L’unité est composée des anciens 1er et 2e bataillons de la légion des Allobroges, auxquels s’ajoute le 4e bataillon de chasseurs. Ces derniers, aux épaulettes vertes – qui paraissent bleues ici, de même que les plumets des shakos, en raison d’un vieillissement du pigment81 –, sont au contact des Autrichiens, que l’on voit se replier et franchir les ponts de bateaux provisoires jetés sur l’Adige, à l’arrière-plan, par les pontonniers du génie. Les carabiniers à pied, que l’on identifie à leurs épaulettes, à leurs plumets et aux cordons-raquettes écarlates de leurs shakos, massés au premier plan à droite, s’avancent en bon ordre, au son du tambour qui marque le pas. L’impressionnante muraille humaine qu’ils forment, à droite, et le calme qui se dégage de leur attitude imposante, destinée à impressionner l’adversaire en vue de prendre l’ascendant moral sur lui, contrastent avec la violence de la lutte et les nombreuses pertes qui en résultent. Le sol du premier plan est jonché de cadavres et de blessés. On identifie également, à travers les épais nuages de fumée provoqués par le feu nourri des fusils et des canons, les grenadiers hongrois, vêtus de leurs pantalons gris de fer, qui fournissent une résistance farouche, allant jusqu’à se battre à coups de crosse lorsqu’ils n’ont plus de munitions face aux chasseurs à pied. Ces derniers continuent, imperturbables, à recharger leurs armes et à tirer avec calme et détermination en dépit des pertes importantes qui les frappent et s’accumulent à leurs pieds.

Le peintre a cherché à montrer le mouvement autant que l’intensité du combat, auquel semblent répondre les flots impétueux de l’Adige qui dévalent le long des pentes rocheuses à la vitesse d’un torrent rugissant. La figure centrale de Dessaix est mise en valeur par sa taille plus imposante que celle des autres protagonistes et par l’effet de relief produit par l’ivoire rapporté, dont la mince épaisseur atteste une certaine maîtrise technique de la part de l’auteur. La présence d’une flèche sur l’eau indique le sens du courant et atteste l’ambition de précision topographique recherchée par l’artiste : bien que le paysage soit rendu de manière relativement naïve, la géographie a été étudiée avec soin et dessinée directement sur le motif.

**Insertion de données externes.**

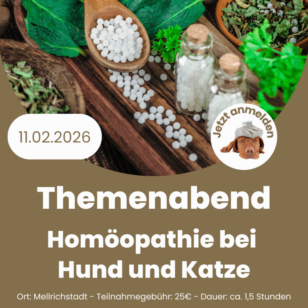Unser Themenabend ist die perfekte Gelegenheit, mehr über Homöopathie bei Hunden und Katzen zu erfahren und wertvolle Infos für den Alltag mitzunehmen. Egal, ob du bereits auf natürliche Heilmethoden setzt oder einfach neugierig bist.

Cette œuvre, en dépit de sa facture maladroite, constitue un témoignage particulièrement précieux dédié à la représentation de l’un des faits d’armes marquants de la carrière du futur général d’Empire, mais aussi de la valeur militaire des Allobroges.

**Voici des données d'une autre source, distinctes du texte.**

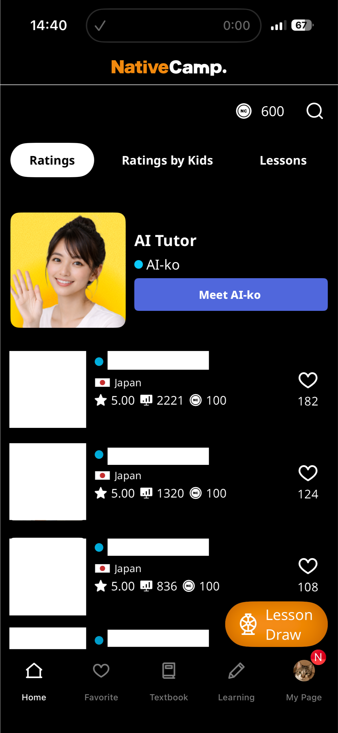 アプリを開き、講師一覧の一番上に表示されているAI日本語講師「AI-ko」 をタップするだけで、日本語会話を開始できます。

76. Série 43 J 1624. Lettre retranscrite et communiquée par Joseph Ticon, président de l’Académie chablaisienne.

77. Une telle erreur d’identification venant d’un officier, lui-même acteur de l’événement, est surprenante, puisque les soldats représentés sont des carabiniers à pied et non des grenadiers. Il est possible que François Dessaix ait confondu avec les grenadiers de la 25e demibrigade de ligne, venus appuyer l’assaut de la 4e demi-brigade légère sur les batteries autrichiennes défendant la position de Mori.

78. Joseph Dessaix et André Folliet, Étude historique sur la Révolution et l’Empire en Savoie. Le général Dessaix, sa vie politique et militaire, Annecy, L’Hoste, 1879 ; Martial Chablais, Le Général Dessaix, Thononles-Bains, Jules Masson, 1910 ; André Folliet, Les volontaires de la Savoie, 1792-1799, Paris, Librairie militaire de L. Baudouin et Cie, 1887.

79. Série 43 J 1624, op. cit

80. Joseph Dessaix et André Folliet, Étude historique sur la Révolution et l’Empire en Savoie. Le général Dessaix, sa vie politique et militaire, Annecy, L’Hoste, 1879 ; Martial Chablais, Le Général Dessaix, Thononles-Bains, Jules Masson, 1910 ; André Folliet, Les volontaires de la Savoie, 1792-1799, Paris, Librairie militaire de L. Baudouin et Cie, 1887.

81. Ce fait est particulièrement fréquent sur les textiles de cette époque, ce que nous avons pu constater sur plusieurs uniformes du Premier Empire conservés, à l’image notamment de deux uniformes de colonel des chasseurs à cheval de la Garde ayant appartenu à Napoléon Ier dont la couleur vert foncé initiale a tourné au bleu. Ces deux habits-vestes sont respectivement conservés aux musées de Sens et au Palais Fesch, musée des Beaux-Arts d’Ajaccio.